Eye > Conjunctiva > Epithelial tumors > Conjunctival intraepithelial neoplasia
by Nfn/Fnu Kiran, M.D., Pia Mendoza, M.D.
Topic summary: Spectrum of abnormal growth of atypical squamous epithelial cells of the conjunctiva; graded based on thickness of epithelial involvement. Estimated incidence is 17 – 20 cases per 1 million person years. Incidence rate varies worldwide; highest rates in Africa (3.4 cases per 100,000 per year in Zimbabwe). Appears to be multifactorial, involving a variety of environmental factors in a susceptible host. Recurrence associated with higher grade lesions, tumors, advanced American Joint Committee on Cancer (AJCC) T category and positive margins. Treatment: surgical excision using a no touch technique with 2 – 4 mm margins, alcohol application and supplemental surgical margin cryotherapy.

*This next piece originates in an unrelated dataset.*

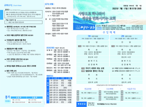 2022년 7월 17일 주보 페이지 정보 작성자 관리지기 작성일22-07-16 12:41 조회5,068회 댓글0건 관련링크 목록 본문 * 2022년 7월 17일 주보 댓글목록 등록된 댓글이 없습니다. 목록
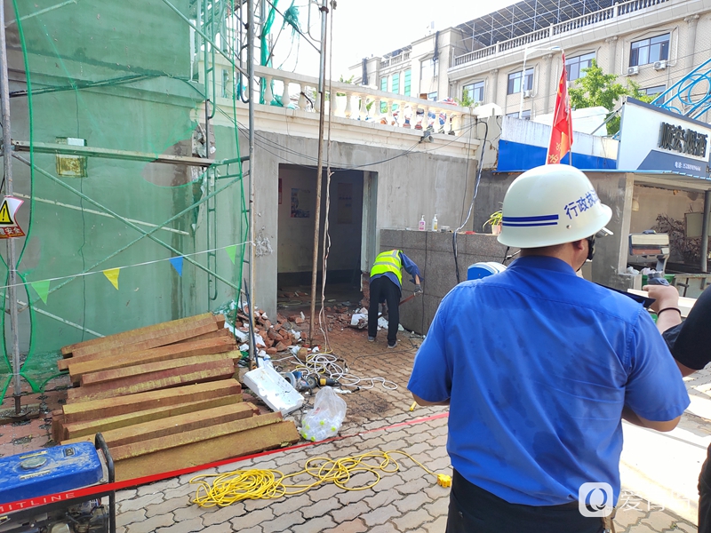 7月14日上午,莱西市综合行政执法局联合水集街道办事处泰安路居委会工作人员对龙翔二苑小区28处违法建筑动工拆除,组织执法人员、施工人员30余人。

Kidney tumor > Benign adult tumors > Juxtaglomerular cell tumor
by Alcino Pires Gama, M.D., Bonnie Choy, M.D.
Topic summary: Rare renin secreting tumor arising from the specialized smooth muscle cells of the glomerular afferent arteriole in the renal juxtaglomerular apparatus. Frequently associated with severe and poorly controlled hypertension, hypokalemia and hyperaldosteronism secondary to tumor renin secretion. Seen in young adults (20 – 35 years) but has been reported in children and older adults. 90% of patients will become normotensive following tumor resection. 10% remain mildly hypertensive despite surgical resection. Treatment: surgical resection – partial or total nephrectomy.

Pancreas > General > Papanicolaou system
by Victoria Jones, M.S., Derek Allison, M.D.
Topic summary: Internationally adopted recommendations for sampling, diagnosing and managing pancreaticobiliary cytology lesions. 6 tiered categorical system resulting in overall improved sensitivity / specificity and risk stratification. Primary method for sampling solid mass and cysts: endoscopic ultrasound fine needle aspiration (EUS FNA). Primary method for sampling strictures: endoscopic retrograde cholangiopancreatography (ERCP) guided brush cytology. Risk of malignancy (ROM) = total number FNA specimens that proved malignant on follow up / total number of surgical resections and clinical follow ups.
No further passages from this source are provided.